_Input data_
--------------------------------------------------

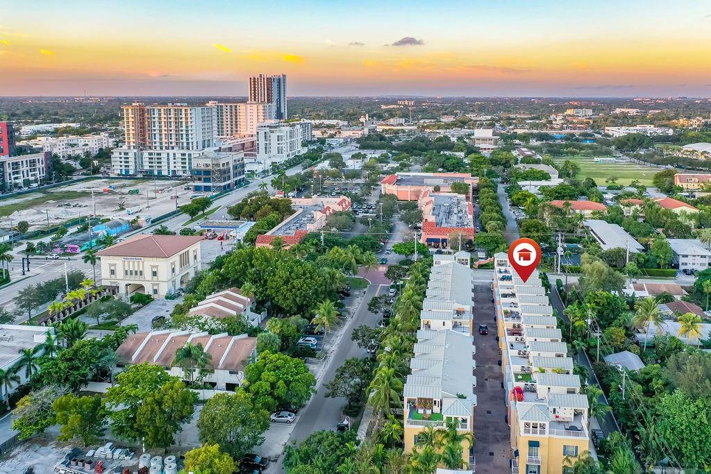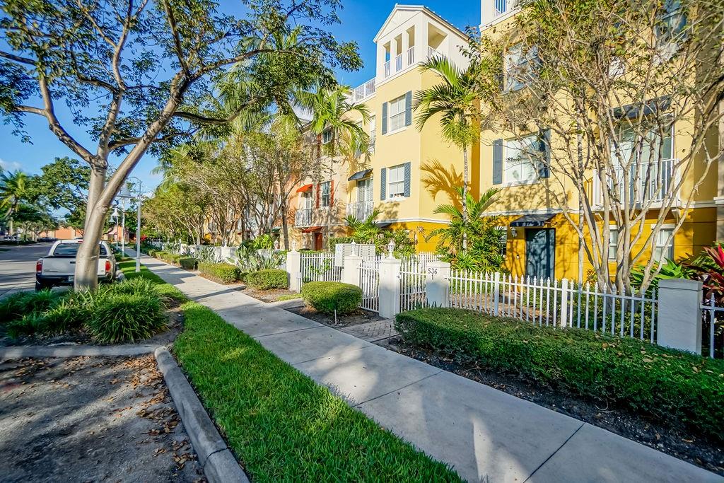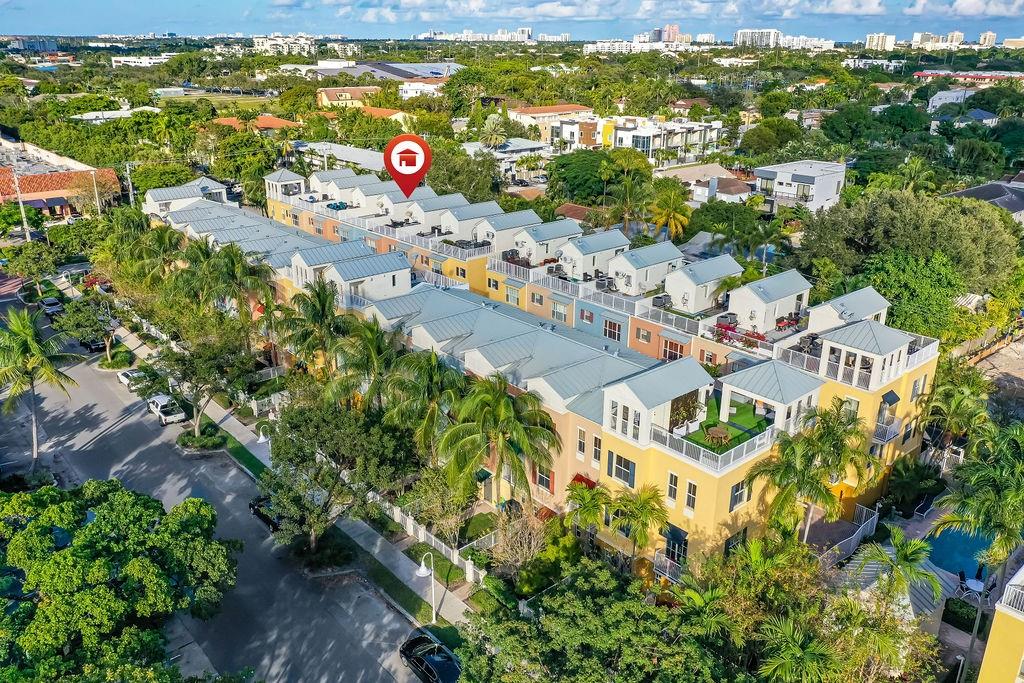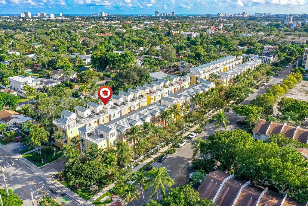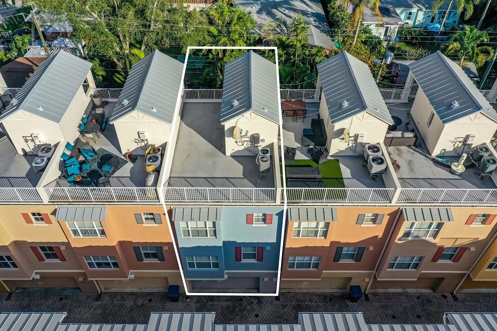 The Ellington in Victoria Park is in the heart of it all! This four level townhome offers one of the best values in Victoria Park. The 1st floor features a 2 car garage, office/den/guest room with ensuite bath. The entire home has been freshly painted and new carpeting installed on the 3rd level. The 2nd level offers volume ceilings, tile flooring, an open living/dining/kitchen area with great natural light to the east. Enjoy a GAS range/oven in the kitchen with stainless steel appliances and fresh white cabinetry. Dual primary bedrooms encompass the 3rd level with ensuite baths. The large rooftop terrace offers sweeping views from east to west! The fee simple townhome offers hurricane impact protection, a gas tankless water heater, a fabulous heated community pool, and gated entry!
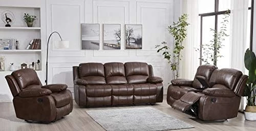 - Enjoy the ultimate comfort and relaxation: This sofa set provides great comfortable with bonded leather upholstery, pillow top backrest and armrests, and pocket coil spring seat cushion covered with premium foam
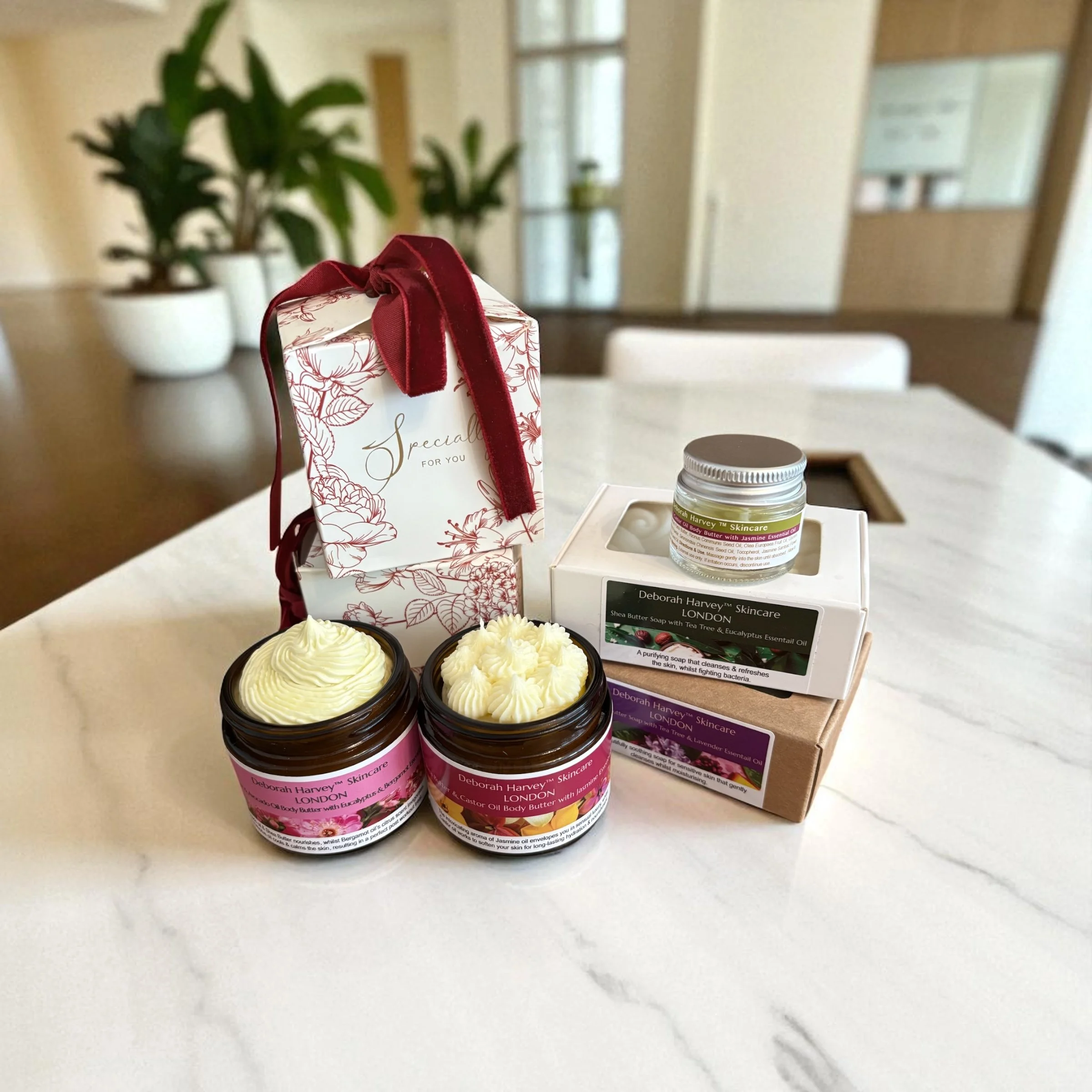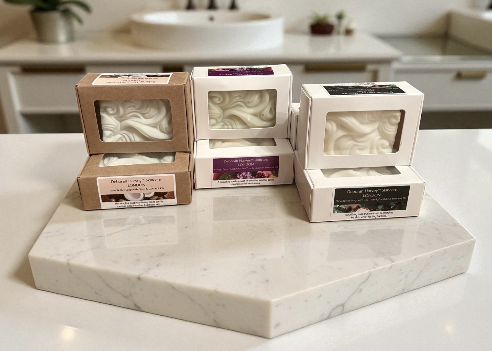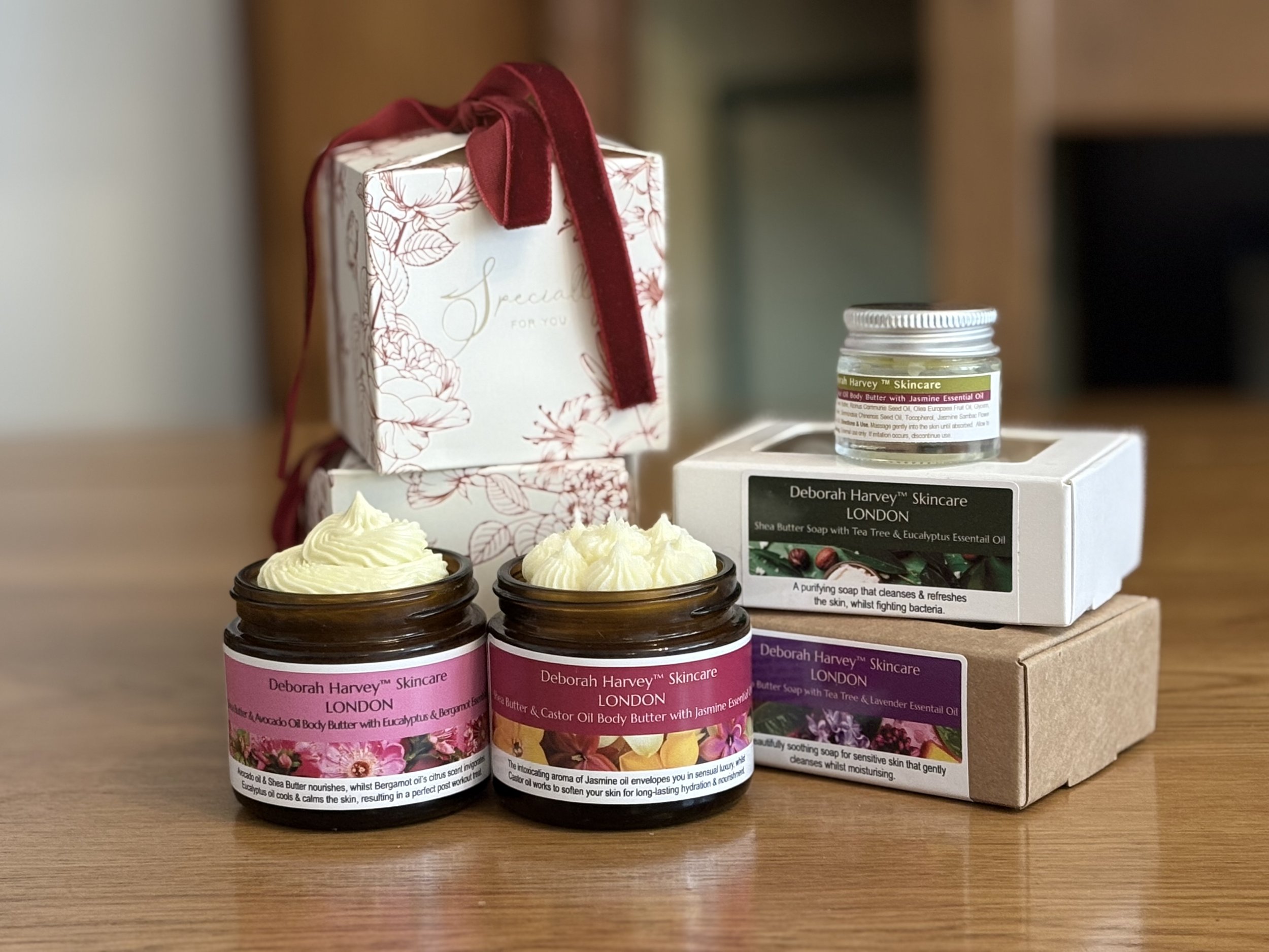 Unlock the secret to radiant, nourished skin with my exclusive line of Body Butters & Soaps that are unique to Deborah Harvey Skincare and a steadfast commitment to quality. All products are handcrafted in small batches, allowing me to focus on quality and attention to detail. No colouring, no petals, no grains, just simple, effective and long-lasting skincare.

--------------------------------------------------

_Work instructions_
Copy out the data verbatim, excluding the pictures.

_The answer_
 The Ellington in Victoria Park is in the heart of it all! This four level townhome offers one of the best values in Victoria Park. The 1st floor features a 2 car garage, office/den/guest room with ensuite bath. The entire home has been freshly painted and new carpeting installed on the 3rd level. The 2nd level offers volume ceilings, tile flooring, an open living/dining/kitchen area with great natural light to the east. Enjoy a GAS range/oven in the kitchen with stainless steel appliances and fresh white cabinetry. Dual primary bedrooms encompass the 3rd level with ensuite baths. The large rooftop terrace offers sweeping views from east to west! The fee simple townhome offers hurricane impact protection, a gas tankless water heater, a fabulous heated community pool, and gated entry!
 - Enjoy the ultimate comfort and relaxation: This sofa set provides great comfortable with bonded leather upholstery, pillow top backrest and armrests, and pocket coil spring seat cushion covered with premium foam
 Unlock the secret to radiant, nourished skin with my exclusive line of Body Butters & Soaps that are unique to Deborah Harvey Skincare and a steadfast commitment to quality. All products are handcrafted in small batches, allowing me to focus on quality and attention to detail. No colouring, no petals, no grains, just simple, effective and long-lasting skincare.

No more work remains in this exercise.